I would love to find a different line of work, but this is all I have ever known. When you have been training to do something since the first grade, you have understandable hesitations to leave it! I loved the security, benefits, and salary of the teaching position, but I am nowhere near the extrovert personality needed to head large music classes.
Has anyone else out there quit teaching or quit the arts to do something else? Does anyone have suggestions about another line of work? I can tell you that "doing what you love" isn't paying the bills. I am grateful to at least be a working musician when so many of my friends are struggling for work, but I think I have exhausted all aspects of making money through music. Frankly, I want to love music in general instead of resenting it, and I think I need to disengage from the work aspect of it to find that love again.
I have experience in dealing with different personalities and learning styles, clerical work, maintaining a music library, etc. through teaching. I had part-time jobs working different aspects of agriculture, as a veterinary assistant, and waitressing. I really liked the alone time when I did clerical work. Any INFJs love clerical work, or would I get tired of it? I miss my kids and would probably love a 9-5 job.
My background is centered around music. I currently hold down four part-time music jobs, and it is exhausting. I am traveling between jobs, which can be 2+ hours of commuting on some days. I go to 2-3 weekday jobs each day, plus a Sunday church gig, and have gigs or extra accompanying work (recordings, recitals, rehearsals, choral concerts) on nights and weekends. I also have two small children that I don't get to see much due to working all the time.
I taught for three years in two different public school districts (two schools each) and it was exhausting. As an INFJ, teaching felt more like performing to me than performing (if that makes sense). Huge classes and putting out fires meant my anxiety would be through the roof on a daily basis.

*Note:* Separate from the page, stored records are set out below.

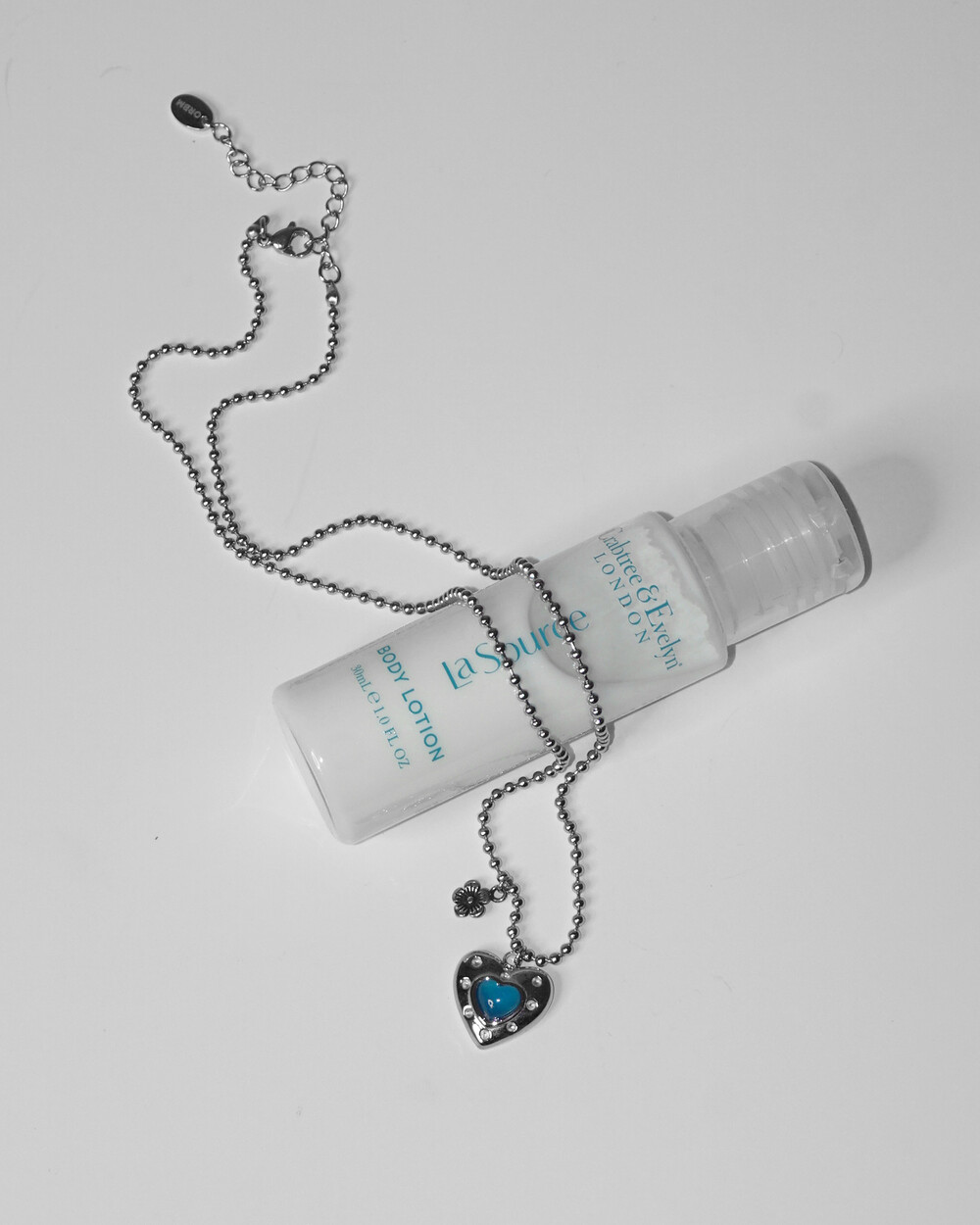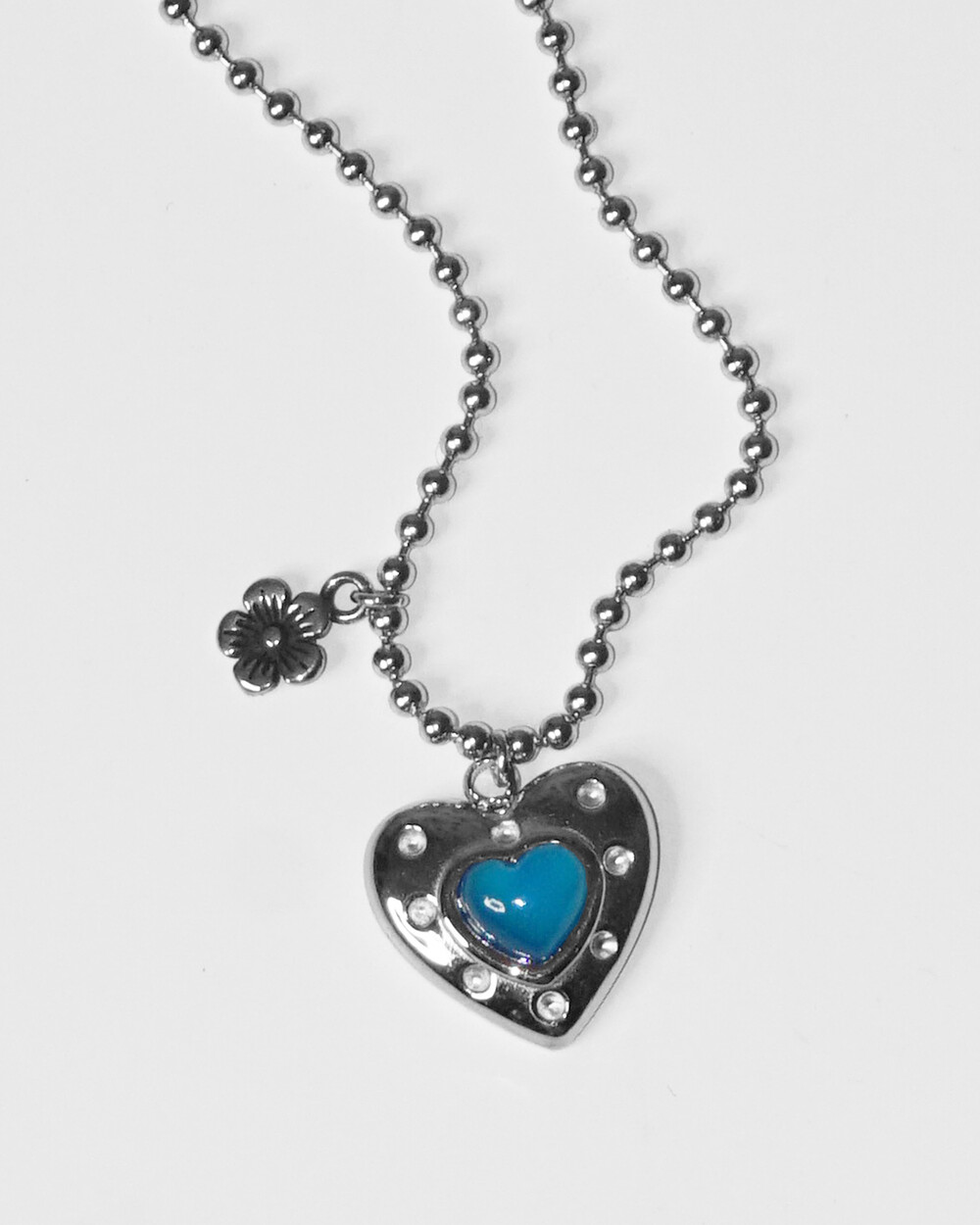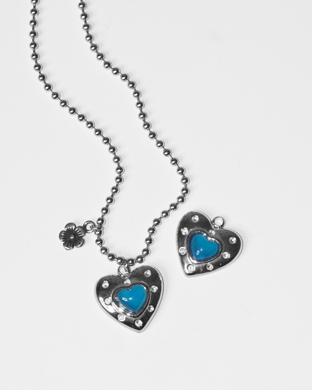 발리에서 맞는 시원한 아침을 담은 네크리스. 터쿼이즈 컬러의 하트 펜던트와 쁘띠 플라워 펜던트의 조합이 휴양지에서의 기분을 상기시켜 줍니다. 자유로우면서도 이국적인 무드로 어느 코디에든 잘 어울립니다. 전체 써지컬 스틸 소재로 더욱 관리가 편합니다.
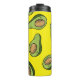 Take a fresh and fun vibe with you wherever you go with this adorable avocado print travel mug. Featuring a vibrant and whimsical pattern of sliced avocados on a cheerful sunny yellow background, this insulated thermal tumbler is the perfect blend of style and practicality. Whether you're commuting to work, heading to the gym, or enjoying an outdoor stroll, it keeps your favorite coffee or tea at the perfect temperature. Crafted for durability, this spill-resistant travel mug is a fantastic gift for avocado toast lovers, vegan friends, or anyone who appreciates a healthy and happy aesthetic. Stay hydrated and inspired with this unique, fruit-themed accessory that brings a pop of sunshine to your daily routine!
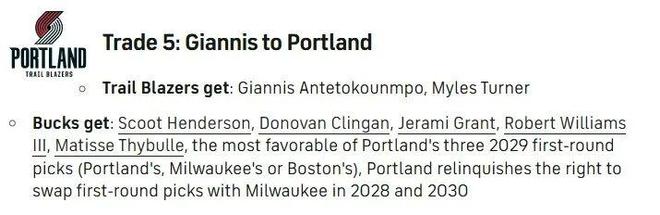 這段時(shí)間,開(kāi)拓者竟然屢次傳出了跟字母哥的“緋聞”。近日知名美媒CBS體育又為開(kāi)拓者提供了一筆交易方案,即他們得到字母哥+特納,送出亨德森+克林根+格蘭特+羅威+塞布爾+三個(gè)29年首輪簽中順位最優(yōu)的簽位,同時(shí)放棄28年以及30年與雄鹿的首輪簽互換權(quán)。
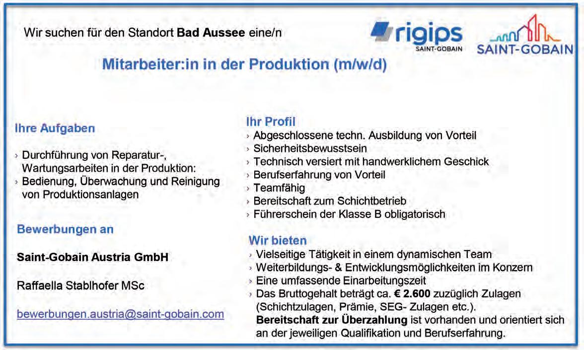 Zeitung des Steirischen Salzkammergutes Herausgeber, Medieninhaber und Redaktion: Medienförderungsverein Ausseerland, 8990 Bad Aussee, Kammerhofgasse 227. Telefon: 03622/53118, FAX: 03622/53118-577 email: redaktion@alpenpost.at Für den Inhalt verantwortlich: Florian Seiberl. Druck: Druckerei WALLIG, 8962 Gröbming. Erscheinungsweise: 14-tägig. Einzahlungen auf das Konto AT764501030400030000 bei der Volksbank Salzburg. Aufgrund der Lesbarkeit der Artikel wird bei Bedarf nur eine Geschlechtsform gewählt. Dies bedeutet jedoch keine Benachteiligung des anderen Geschlechtes. Die mit ß versehenen Artikel sind bezahlte Anzeigen. Die Redaktion behält sich das Recht vor, zugesandte Leserbriefe zu kürzen und übernimmt keine Haftung für den Inhalt kostenloser Ankündigungen. Alle Rechte vorbehalten. Druck- und Satzfehler vorbehalten.
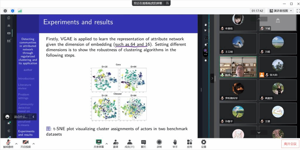 The topic of associate professor Yang Hu’s lecture is “Detecting Communities in the Attributed Network through Regularized Clustering and Its Application”. This research proposes a learning framework for community discovery in complex social networks, which effectively addresses the challenges and technical difficulties in the selection of network embedding dimensions and the determination of the number of communities. This framework can automatically determine the number of embedding dimensions and the number of communities by optimizing the regularized K-means. Besides, this research also provides algorithms and statistical proofs, which have been applied to the analysis of China's investment network data, confirming the effectiveness of this method.
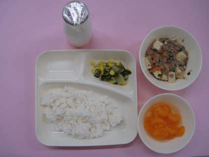 今日の献立は「マーボーどうふ、チンゲンサイとコーンの中華あえ、みかん(かんづめ)」でした。
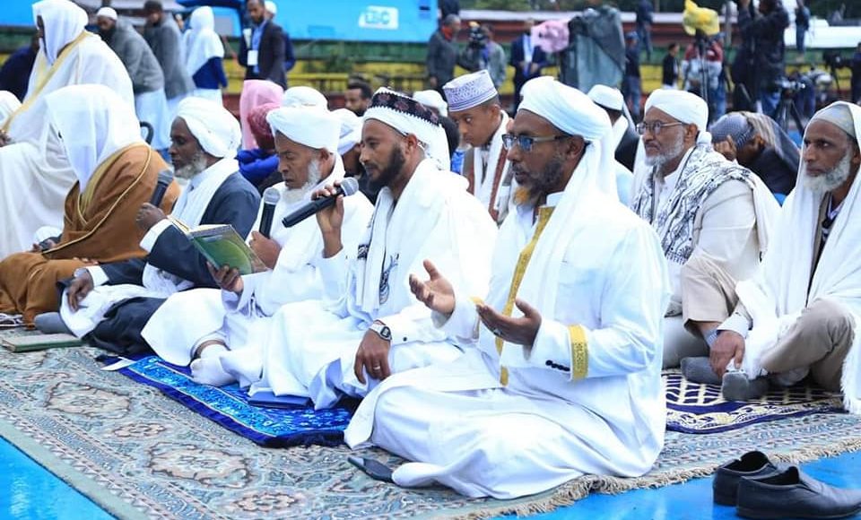 وبينما امتلأ ملعب أديس أبابا الصغير، امتدت صفوف المسلمين في الطرق المؤدية إليه وسط مشاركة رسمية حضرها ، المفتي حاج عمر ادريس وحاج ابراهيم توفا وعدد من أئمة وعلماء إثيوبيا.
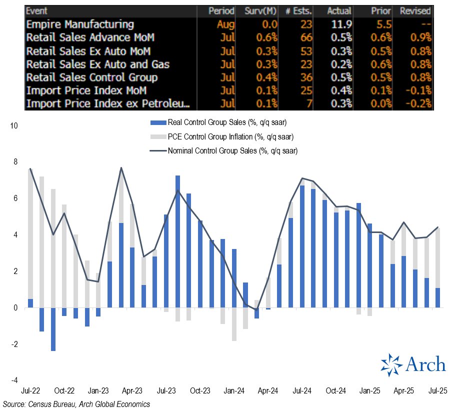 The latest PCE control group price index is not included in the retail sales report, so we have to estimate the latest inflation print based on this week’s CPI & PPI reports.
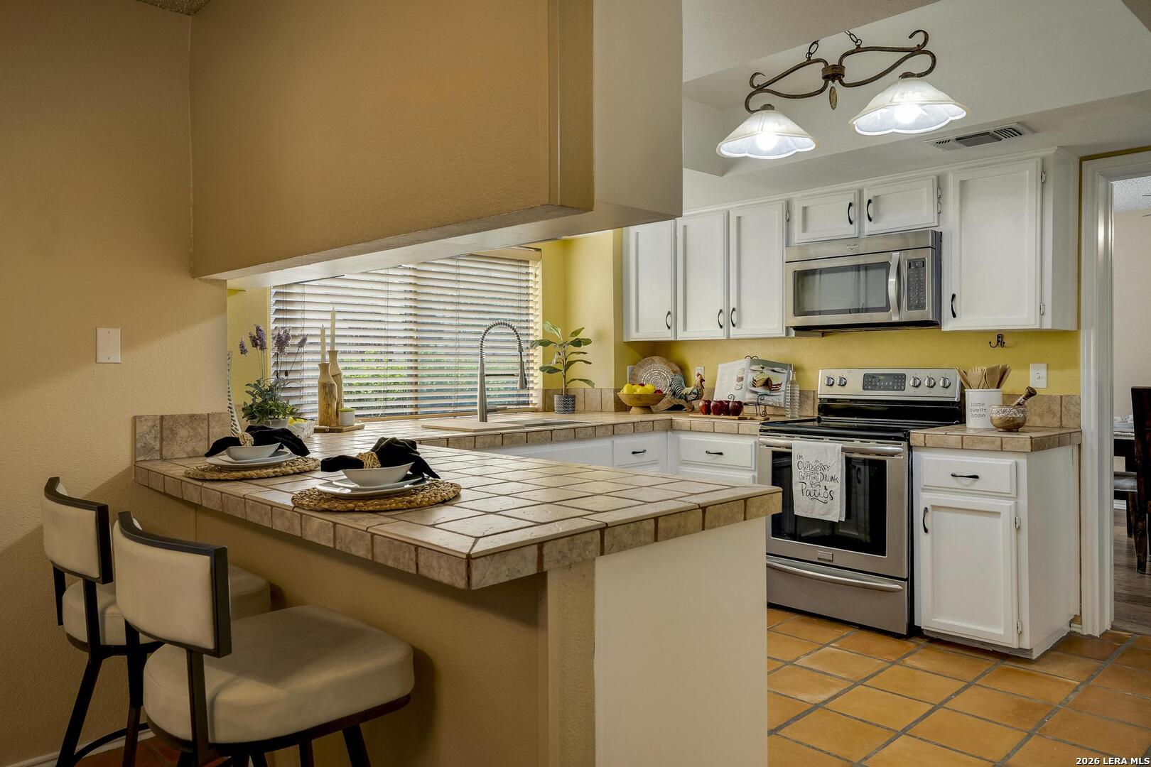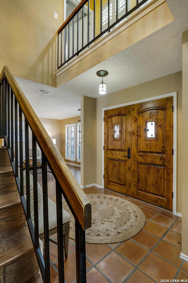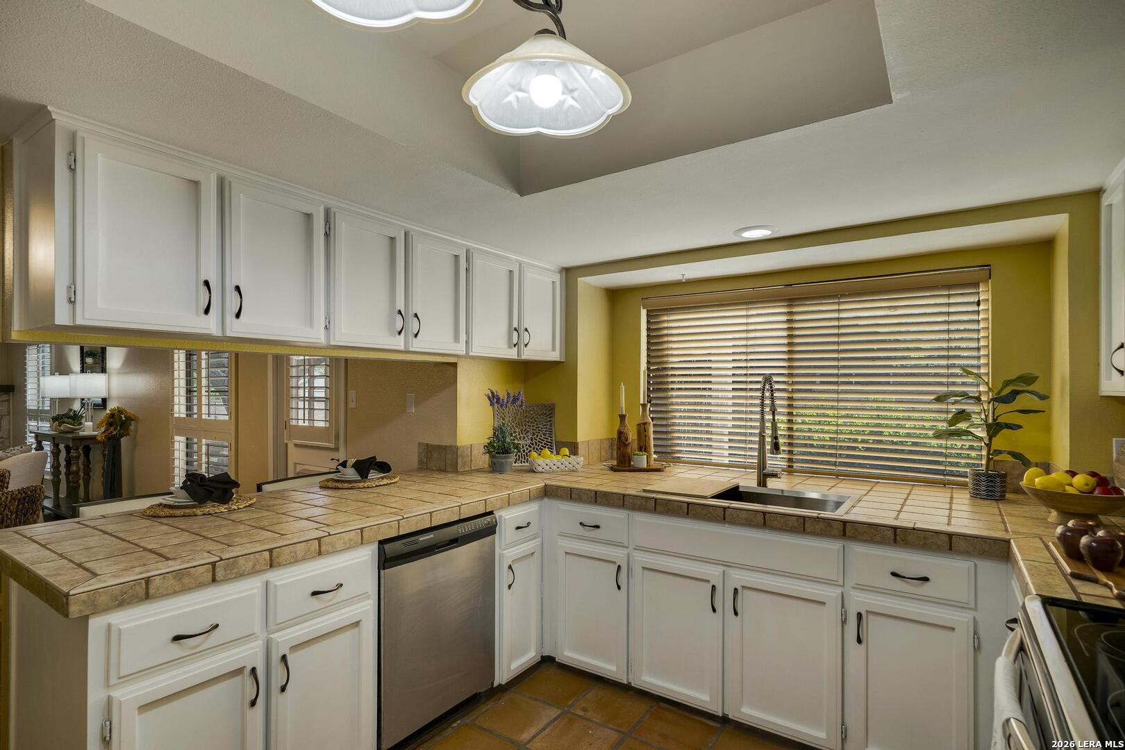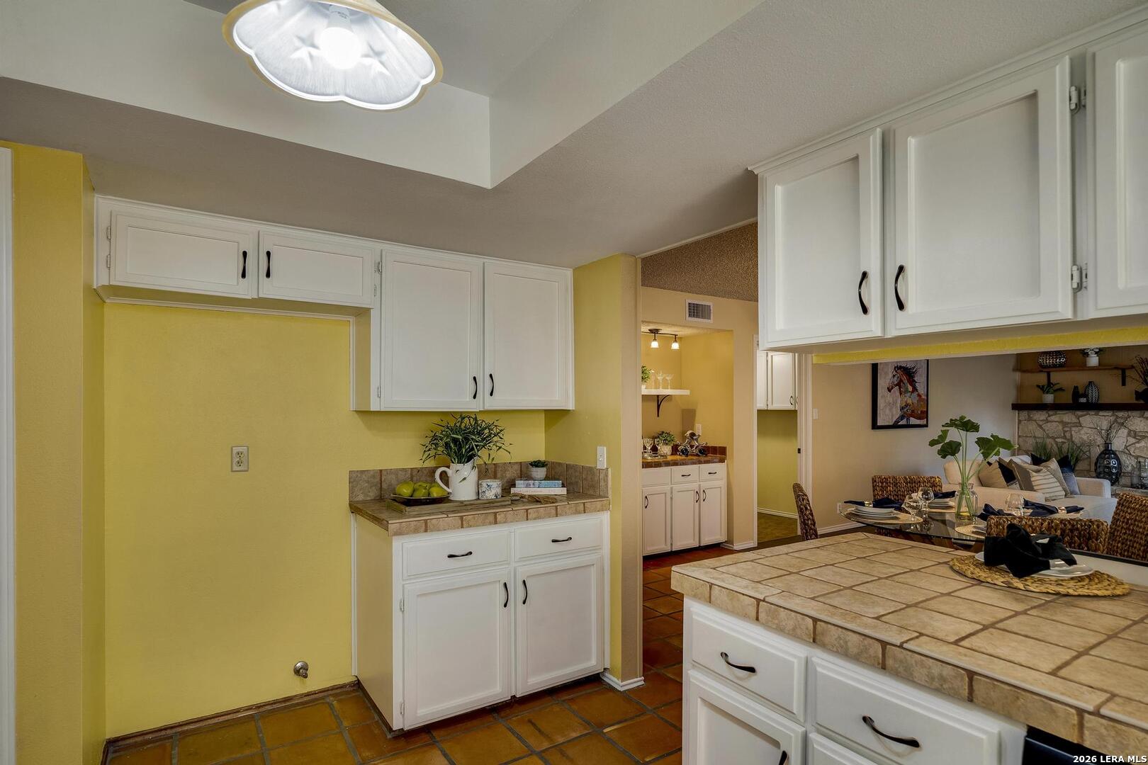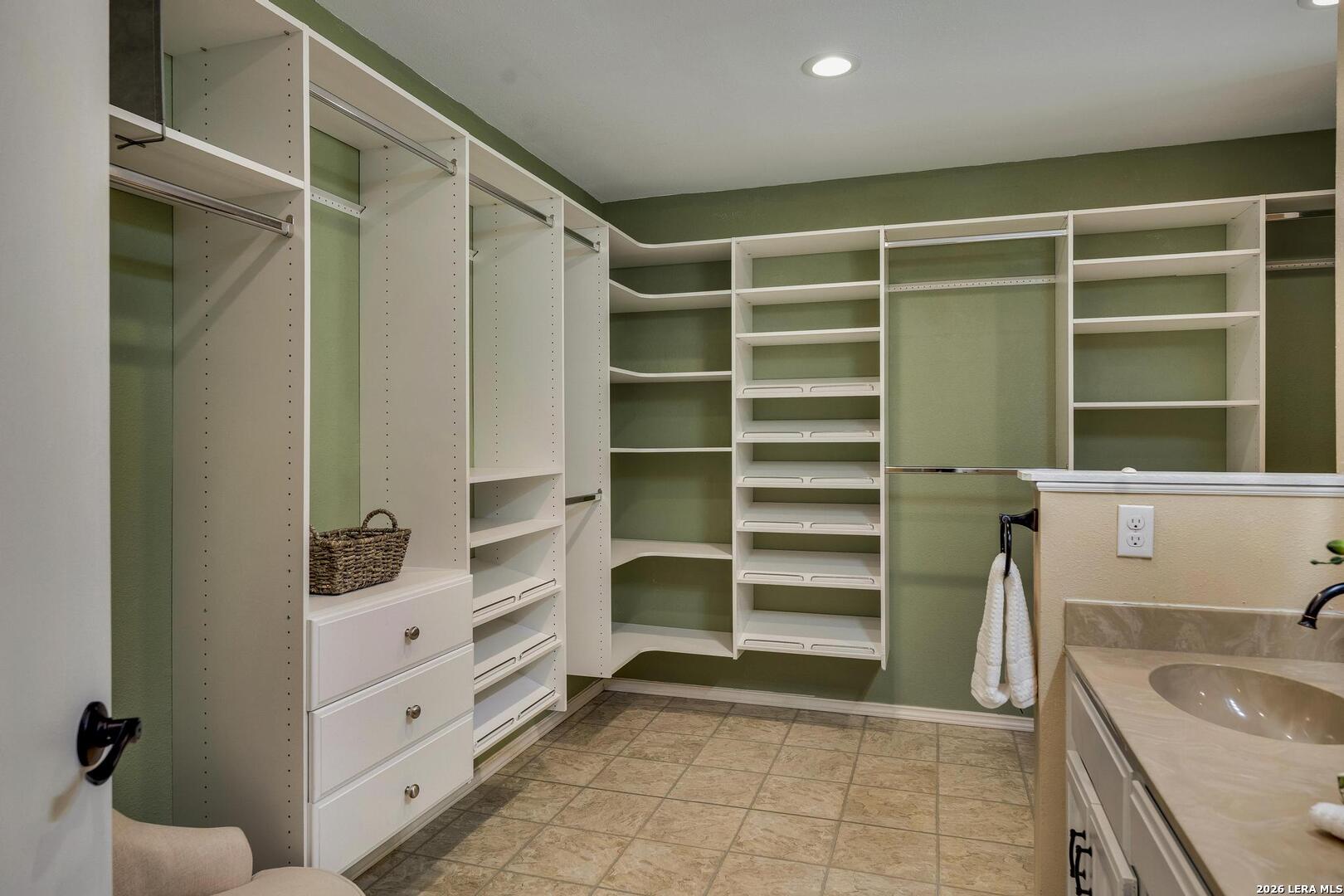 Elegant Spanish-style home with modern updates in desirable North Central San Antonio. Surrounded by mature oak trees, this beautifully maintained property features engineered wood flooring throughout, classic Saltillo tile, custom wood entry doors, plantation shutters, and a stunning floor-to-ceiling stone fireplace with vented gas logs. The spacious kitchen offers stainless steel appliances, generous counter space, and a breakfast bar, while the oversized primary suite includes a custom walk-in closet with built-ins. Enjoy the covered back patio, beautifully landscaped front and back yard, zero-scaped backyard for low-maintenance living, water softener, and 3-car garage. A rare blend of timeless character, warmth, and modern convenience.
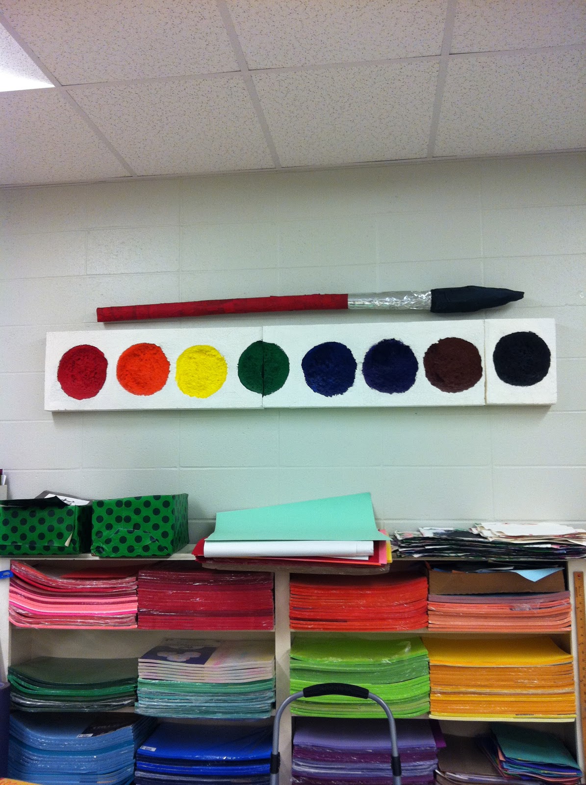 #1. Paper mache paint brush: A couple of years ago, I saw this great jumbo paint brush and palette set from Pottery Barn Kids. I totally wanted it for my classroom, but $200 was a little too pricey. Two years ago, I made the paint palette with scraps of styrofoam. This summer, I finally got around to making the paint brush using paper mache. (Thanks for the help, Emma!) I made a cool set up jumbo paper mache art supplies last summer for my other art room.This was a super easy project, both the paint palette and brush are attached to my concrete walls with foam tape and hot glue.
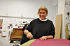 – Jeg har et svennebrev i kjole og drakt og likte best å sy da jeg startet her, mens jeg nå liker mest den tradisjonelle biten med snøring og modellering. Mengdetrening er viktig, og det tar tid å få det inn i fingrene. Vi har prøvd veldig mange teknikker, og vi får jobbet veldig selvstendig. Det er ingen som henger over oss, sier Marianne, som er veldig fornøyd med å være ansatt.

I have been playing piano since I was six. I competed through high school, majored in it in college, and studied it some more for post-graduate work. I currently have no benefits with any of my jobs, the pay is low and barely covers daycare, and music programs are getting cut right and left in our state. I left the teaching positions partly because the writing was on the wall about where the programs were headed, and they were cut a year or two after I left. I was a good teacher, but I was left with the feeling of "what have I gotten myself into?" about a week into each school year. I am also a good accompanist, and accompany for several schools, but every accompanying position I take ends with me substituting for the music teachers when they find out I can take their classes (INFJs are nothing if not competent and reliable). I am substituting for the next month in four classes while the high school choir director I play for listens to individual voices. Every day. For a month. For no extra pay. And this isn't the first choir director that has used me.
I would love to find a different line of work, but this is all I have ever known. When you have been training to do something since the first grade, you have understandable hesitations to leave it! I loved the security, benefits, and salary of the teaching position, but I am nowhere near the extrovert personality needed to head large music classes.
Has anyone else out there quit teaching or quit the arts to do something else? Does anyone have suggestions about another line of work? I can tell you that "doing what you love" isn't paying the bills. I am grateful to at least be a working musician when so many of my friends are struggling for work, but I think I have exhausted all aspects of making money through music. Frankly, I want to love music in general instead of resenting it, and I think I need to disengage from the work aspect of it to find that love again.
I have experience in dealing with different personalities and learning styles, clerical work, maintaining a music library, etc. through teaching. I had part-time jobs working different aspects of agriculture, as a veterinary assistant, and waitressing. I really liked the alone time when I did clerical work. Any INFJs love clerical work, or would I get tired of it? I miss my kids and would probably love a 9-5 job.